Each rubric tells you what a strong answer covers. Score three ways: strong (covers all rubric points), partial (covers two of three), weak (misses the rubric or recites a textbook definition). If the candidate can only define terms, downgrade. Production scars beat textbook fluency at the senior level.
Pair the questions with a short paid trial. A 4-hour scoped task on real code outperforms a 90-minute interview at every level above junior.
RAG is the new baseline. Asking a 2026 AI engineer about RAG is like asking a 2018 backend engineer about REST. Expect fluency, not surprise.
1. When would you NOT use RAG? Rubric: Names small-corpus cases (just stuff it in the prompt), highly dynamic data where the index is always stale, and cases where fine-tuning genuinely wins (style, format, structured extraction). Bonus: mentions hybrid approaches (RAG plus tool calling).
2. Compare sparse vs dense retrieval and explain hybrid. Rubric: Names BM25 and an embedding model (text-embedding-3-large, Cohere v3, Voyage). Explains why hybrid (BM25 for exact terms, dense for semantic similarity) outperforms either alone on most production datasets.
3. How do you choose chunk size? Rubric: Discusses the tension between recall (smaller chunks, more relevant hits) and context (larger chunks, less assembly). Names a starting point (256-512 tokens), explains overlap, and admits the answer is dataset-dependent. Bonus: parent-document retrieval.

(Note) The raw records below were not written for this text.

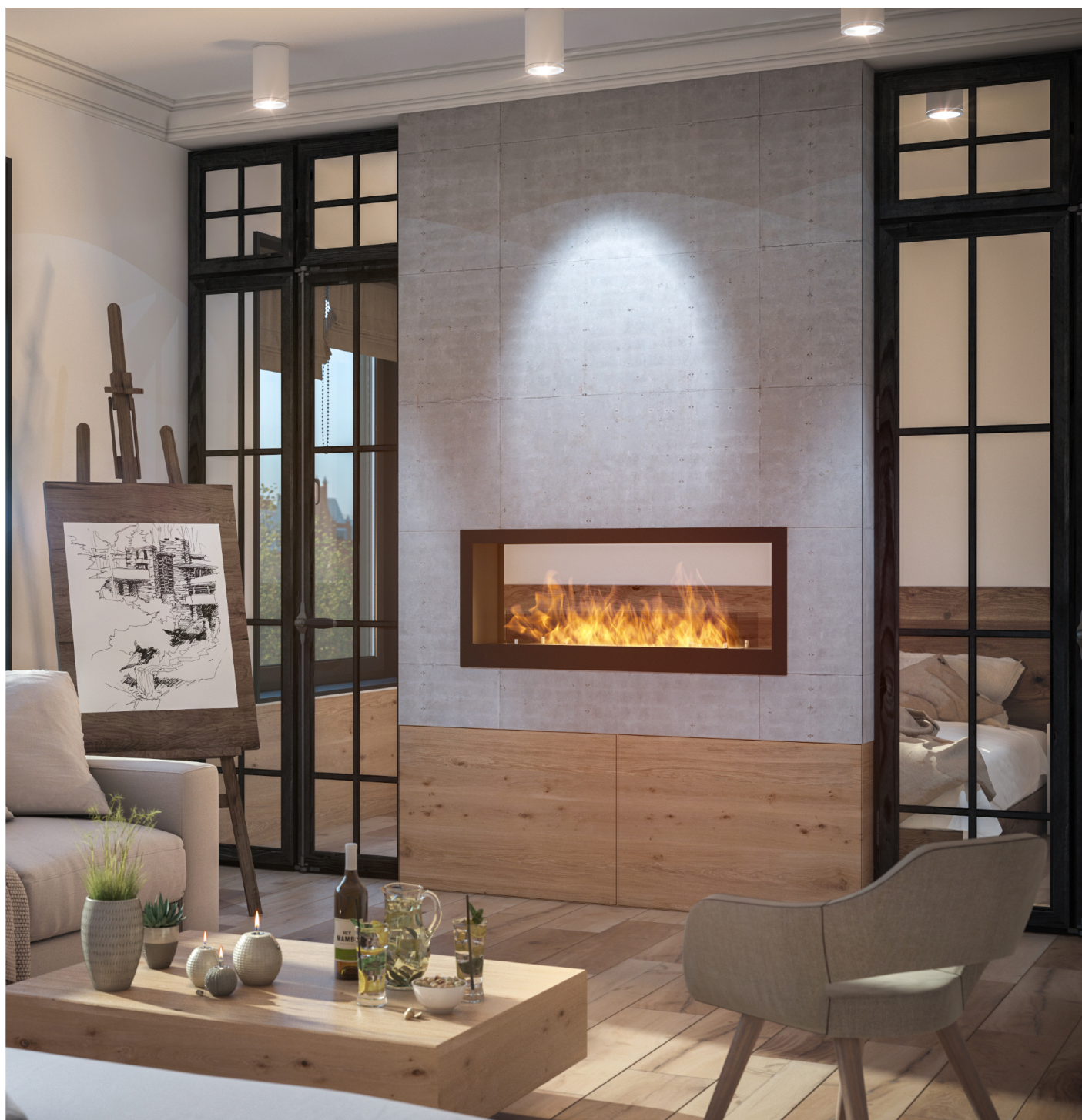
Biokominek 2 Side 1200
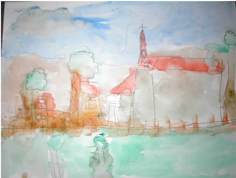
Figure 1 : le paysage, élève de GS

Le musée départemental Georges de La Tour se trouve à Vic-sur-Seille, ville natale de l'artiste. Il est l'écrin d'une collection d'œuvres du XVII e au XXI e siècle. Peintures, sculptures et photographies prennent place dans un bâtiment conçu par l'architecte Vincent Brossy.
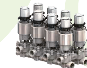
省エネ・省人・自動化を実現 「サニタリー機器・装置」
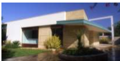
1997 Villa unifamiliare M Villa unifamiliare C Bisceglie Committente: Privato
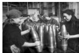
Работа на предприятиях
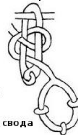
и) Три небесных свода
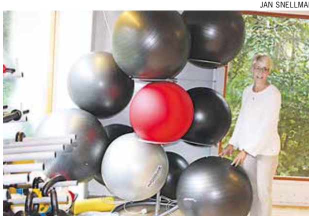
Muutakin kuin tennistä. Hallissa voi myös harrastaa joogaa ja jumppaa.

Annat än tennis. I hallen kan man också hålla på med yoga och gympa.
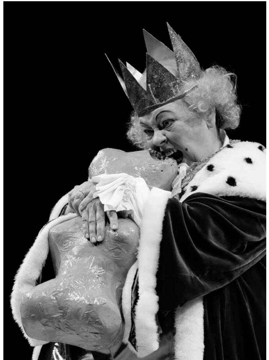
Der ehemalige SZ-Redakteur und Buchautor Axel Hacke hat bereits 1997 mit seinem Kinderstück „Der kleine König Dezember“ einen Klassiker erschaffen. Zu sehen am 26. Dezember im Carré Rotondes.
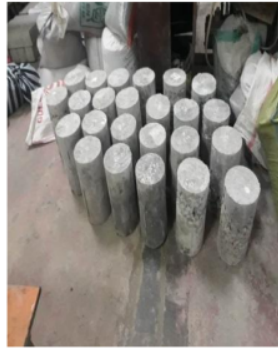
Gambar 3. Benda uji
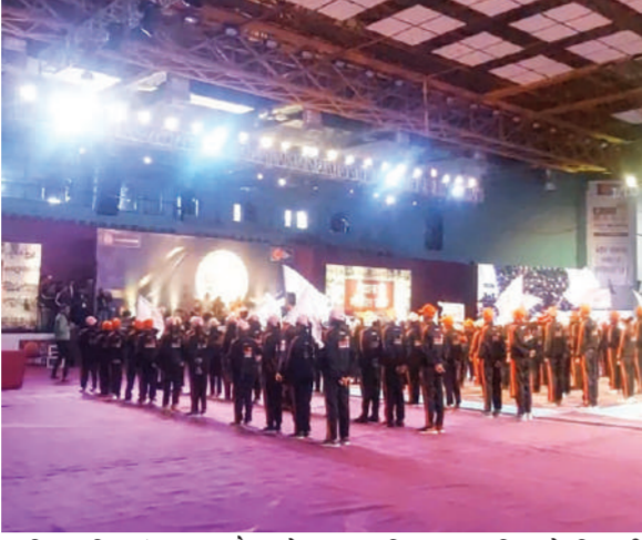
सुरक्षित दृष्टि संभावना और बड़े पैमाने पर समाज के विकास के लिए एसी अन्य शुरुआत करना। अन्य सभी सीपीआर गतिविधियों के साथ, फाउंडेशन व्यक्तिगत सामाजिक उत्तरदायित्व के लिए भी मंच प्रदान करता है।

वित्तीय और डिजिटल साक्षरता इन पहलुओं के अलावा, फाउंडेशन विभिन्न सीएसआर पहलुओं को बढ़ावा देता है जैसे विशेष शिक्षा को बढ़ावा देना, क्विंटस शिविरों के माध्यम से निवारक स्वास्थ्य देखभाल को बढ़ावा देना,
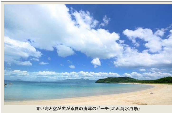
青い海と空が広がる夏の唐津のビーチ(北浜海水浴場)

佐賀県唐津観光協会が発行するニュースレター「唐津もんだより」第82号です。 唐津のイベント・観光情報をお届けします。

4. When does reranking earn its latency? Rubric: Knows reranking adds 100-400ms and 1-3 cents per query at scale. Justifies it on top-K retrieval where the first-stage retriever returns 50+ candidates and precision matters more than recall (legal, medical, support).

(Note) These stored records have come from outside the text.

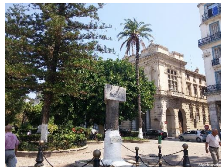
Ville coloniale Annaba
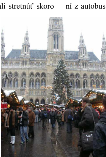
Vianočná Viedeň

Viedeň nás príjemne prekvapila. Trhy napriek tomu, že neboli najväčšie, mali svoju vianočnú atmosféru. Ihličím ozdobené stánky sa nachádzali blízko parlamentu. No po vystúpe-
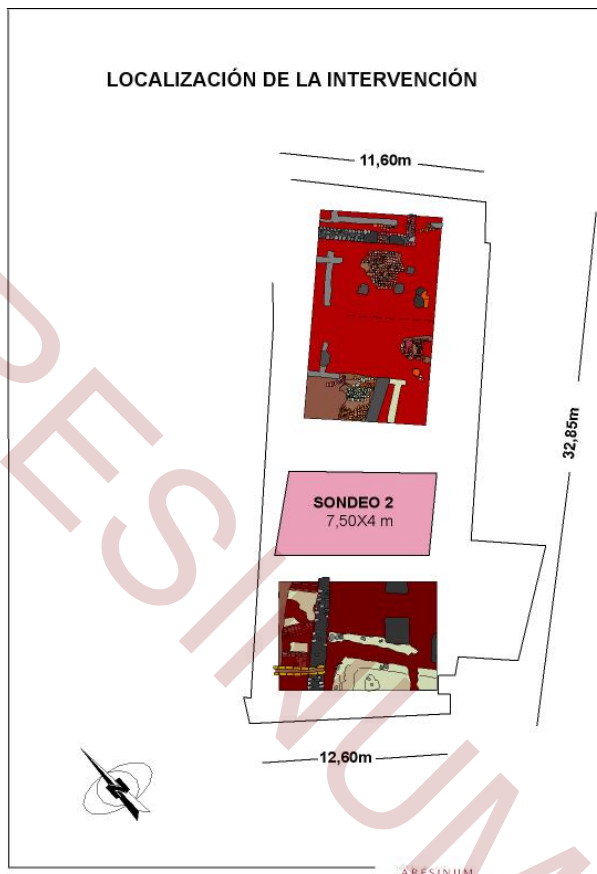
Figura 4 – Planimetría general.
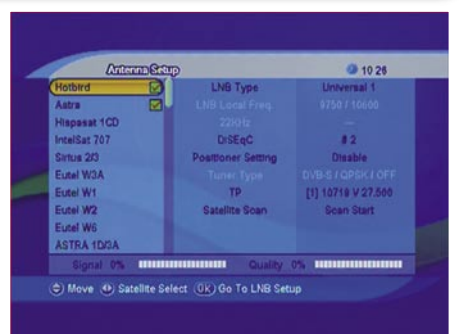
Antenna settings |
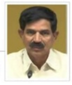
- గురజాల మార్కెట్, చైర్మన్, డిపీ సాక్షి సెంటర్
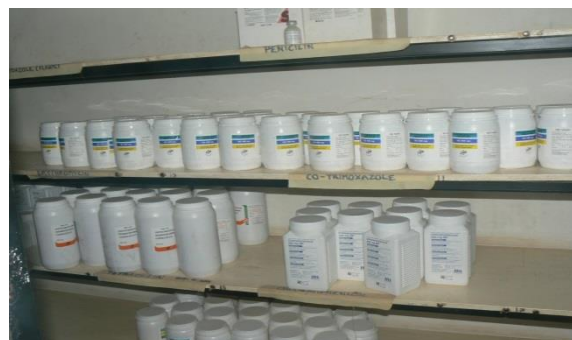
Overzicht van een deel van de bestelde medicatie
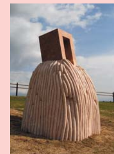
齋藤 徹 Sky and Earth "Circulation 2009"
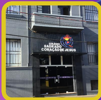
Colégio Sagrado coração de Jesus | SÃO BORJA

5. How do you set up a RAG eval harness? Rubric: Names RAGAS or DeepEval. Lists the three core metrics: faithfulness (does the answer match the context), context relevance (did we retrieve the right chunks), answer relevance (does the answer match the question). Mentions a gold set of 50-200 question-answer pairs.

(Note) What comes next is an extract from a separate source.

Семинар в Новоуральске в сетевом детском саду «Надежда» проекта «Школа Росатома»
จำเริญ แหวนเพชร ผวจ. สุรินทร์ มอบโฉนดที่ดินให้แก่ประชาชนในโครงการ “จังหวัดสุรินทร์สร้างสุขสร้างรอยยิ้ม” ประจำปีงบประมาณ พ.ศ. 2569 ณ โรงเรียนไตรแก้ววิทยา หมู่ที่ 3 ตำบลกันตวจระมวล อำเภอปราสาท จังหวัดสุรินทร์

6. A user asks a multi-hop question and the system fails. How do you debug? Rubric: Decomposes the question into sub-questions. Checks retrieval first (did we find both required chunks?). Then checks generation (did the model fail to combine them?). Names query rewriting and HyDE as remedies for retrieval, and a planning step or agent for generation.
For a deeper dive on one common failure mode, see our piece on how to handle hallucinations in production LLM apps, which goes into the layered defense pattern.
Agents are where most 2026 AI features die in production. Ask the questions that surface scars.
7. Walk me through the difference between an agent and an LLM chain. Rubric: A chain has a fixed graph; an agent picks the next step at each turn. Agents add value when state, tool selection, or multi-step planning matters. Otherwise a chain is faster and cheaper. Bonus: names LangGraph or CrewAI as agent frameworks.
8. A tool call fails. What does your loop do? Rubric: Catches the error, returns a structured error message to the model (not a stack trace), bounds retries (typically 2-3), and either falls back to a different tool or surfaces the failure to the user. Strong answers also mention idempotency and side-effect rollback.
9. How do you prevent infinite loops? Rubric: Step budget (cap at 10-25 steps per task), cycle detection (same tool with same args twice in a row), and a "no progress" check (no new information added in N steps). Names a real incident if they have one.
10. How do you evaluate a non-deterministic agent? Rubric: Trace-level eval (did each step do what it should?), outcome-level eval (did the final state match the goal?), and a small adversarial set. Mentions LangSmith, Arize, or a custom trace logger. Honest about how hard this is.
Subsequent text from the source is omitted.